Am Mittwoch, dem 27.10.2021 um 18:02 +0100 schrieb Jonathan Hoyland:
> Hi Ruslan,
> 
> Without digging into the guts of GSS-API and SCRAM I can't give you a
> concrete attack, the issue is that all our assumptions about protocol
> security assume that different protocols use totally separate key
> material.
> For example if I have one protocol that signs arbitrary blobs and
> another that requires me to sign a challenge to prove I know a private
> key then even if they're both perfectly secure on their own they are
> totally broken in composition. 
> This separation of keys is one of the core reasons for the use of
> HKDFs, it lets us take some source randomness and use it to generate
> independent keys.
> 
> Designing a channel binding that explicitly suggests people use the
> same key material for different things is bad practice and poor
> protocol design.
> Pretty much every attack is on the table if you have multiple protocols
> using the same keys, message forgery, improper authentication, key
> leakage, etc.
> The reason for separation of keys is to simply rule out this entire
> class of vulnerability.

Sorry maybe I'm missing something but why would two unrelated protocols
have same key? The binding is derived from TLS session key, if two
unrelated TLS sessions are having the same key this is the problem by
itself, and binding material is not amplifying it, just falling to the
same problem bucket.

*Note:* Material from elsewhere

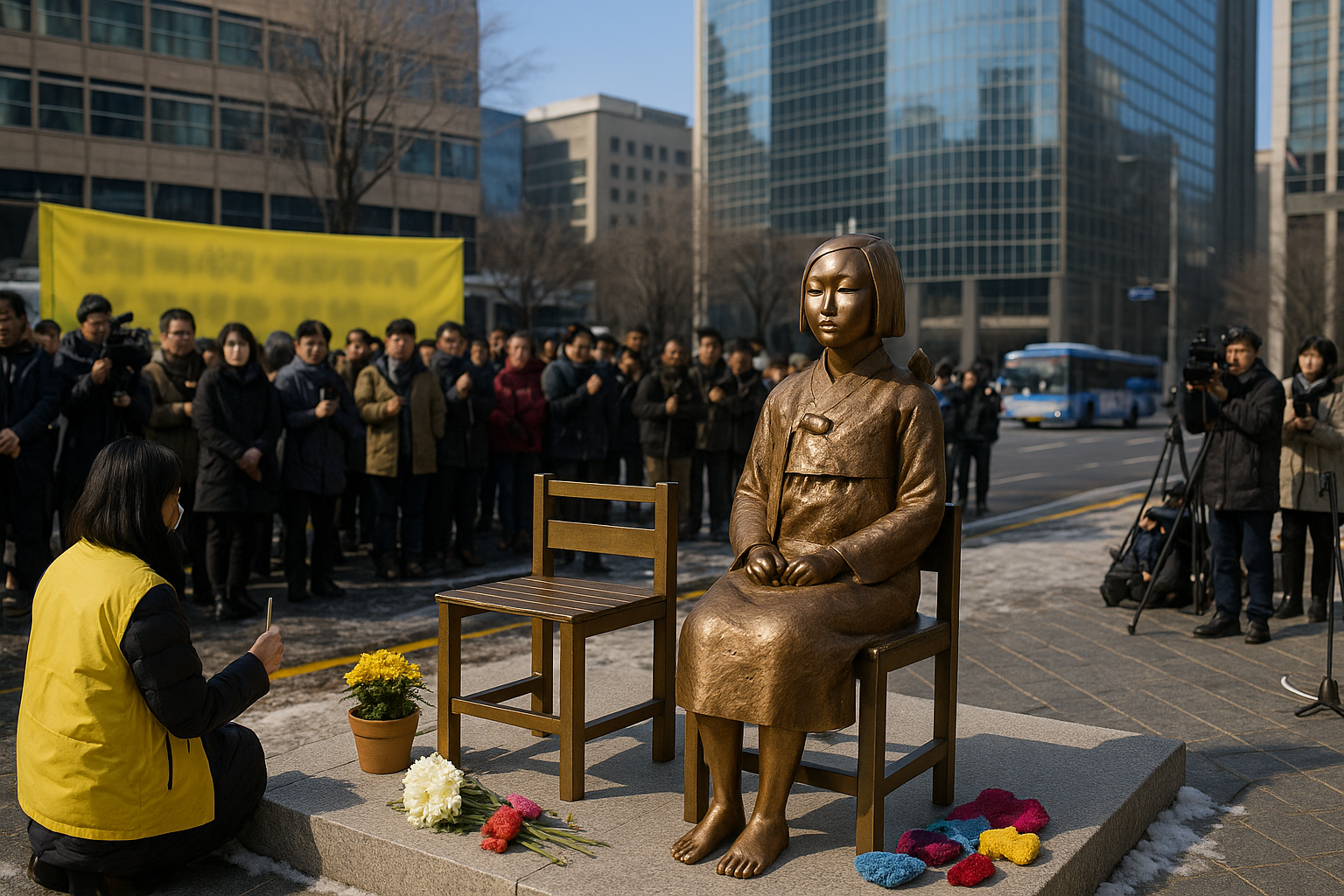 그날 정오, 일본대사관 앞 길 위에는 평소보다 훨씬 많은 시민과 학생, 종교인, 해외 연대 단체 활동가들이 모였다. 추운 겨울, 영하 가까운 날씨였지만 인도는 발 디딜 틈 없이 빽빽했다.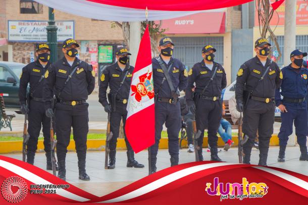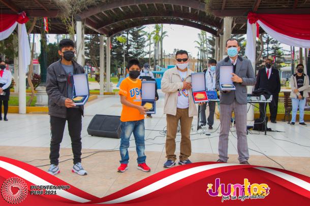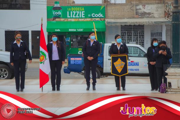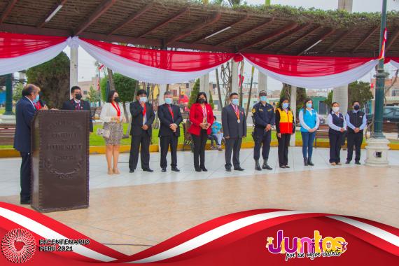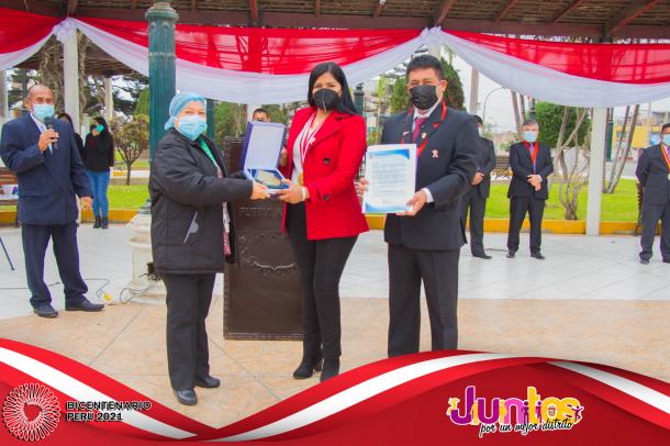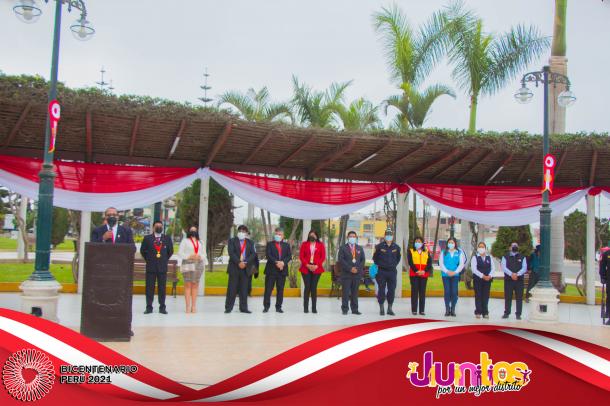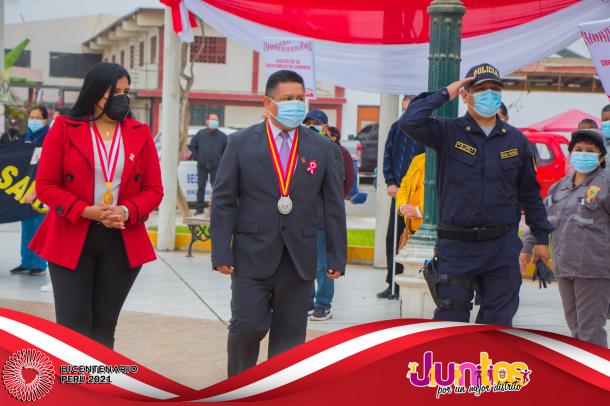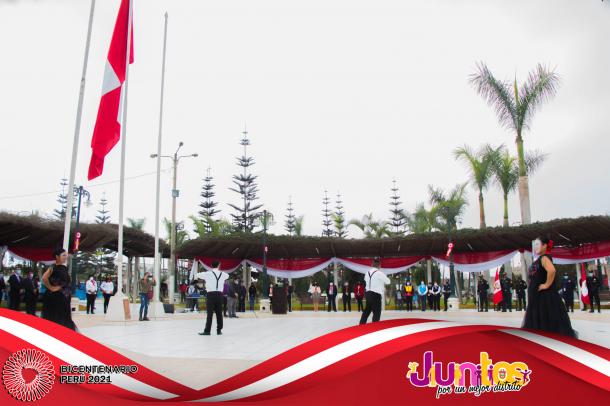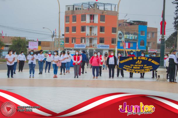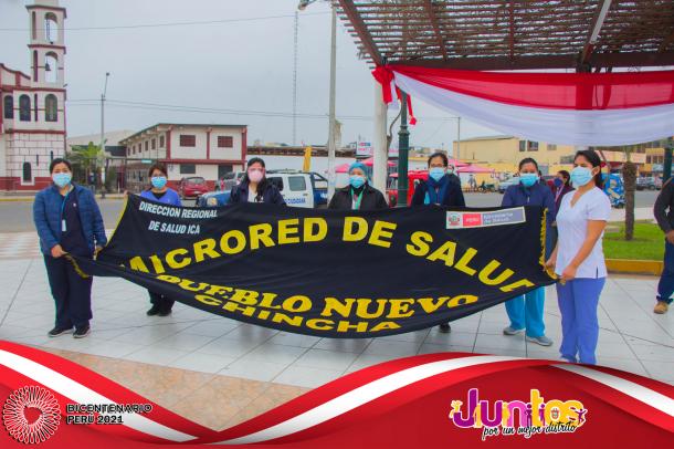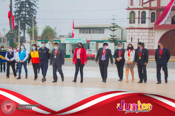 La actividad se inició con la Misa Te Deum en la parroquia Cristo Rey y posteriormente los actos centrales en la Plaza Mayor, con el izamiento del Pabellón Nacional, entonación del Himno Nacional, presentaciones artísticas de danzas y canto, entrega de reconocimientos al Centro de Salud de Pueblo Nuevo en mérito a su importante labor desarrollado por los profesionales para combatir el virus del COVID-19 y a los ciudadanos Luis Alberto Huertas Camargo, Sr. Jorge Joel Pachas Cueva, Jesús Leonel Pachas De La Cruz y Jefferson Leonardo Pachas De La Cruz por su destacada acción en defensa del Patrimonio Cultural de la Nación del sitio arqueológico de Pampa Canelo, acciones que les han valido tener el reconocimiento del Ministerio de Cultura por su loable trabajo como protectores de los vestigios históricos de la cultura Chincha.

And if they are related (eg resumed) then protocol
muxing should perhaps be part of applicaiton stack and it should still
be happy with a common security context.

> If you don't separate the keys then whenever you make any change to any
> protocol you have to consider its security in composition with every
> other protocol, including ones that you don't know about or that
> haven't been written yet.
> 
> Using different labels for different purposes shouldn't require
> anything complicated, as it's just changing the input literals to the
> API call.
> 
There's a difference in telling TLS stack "give me binding of that
type" - which is pretty much high level abstract call, and asking TLS
to perform key derivation (export) for specific label - which requires
speaking native TLS implementation api. Now that we have a bunch of TLS
implementations and several abstractions and all other binding types
are independent of the higher protocol - it may be challenging changing
the API to make the binding retrieval context-specific. Not that it is
impossible to make such change, but why?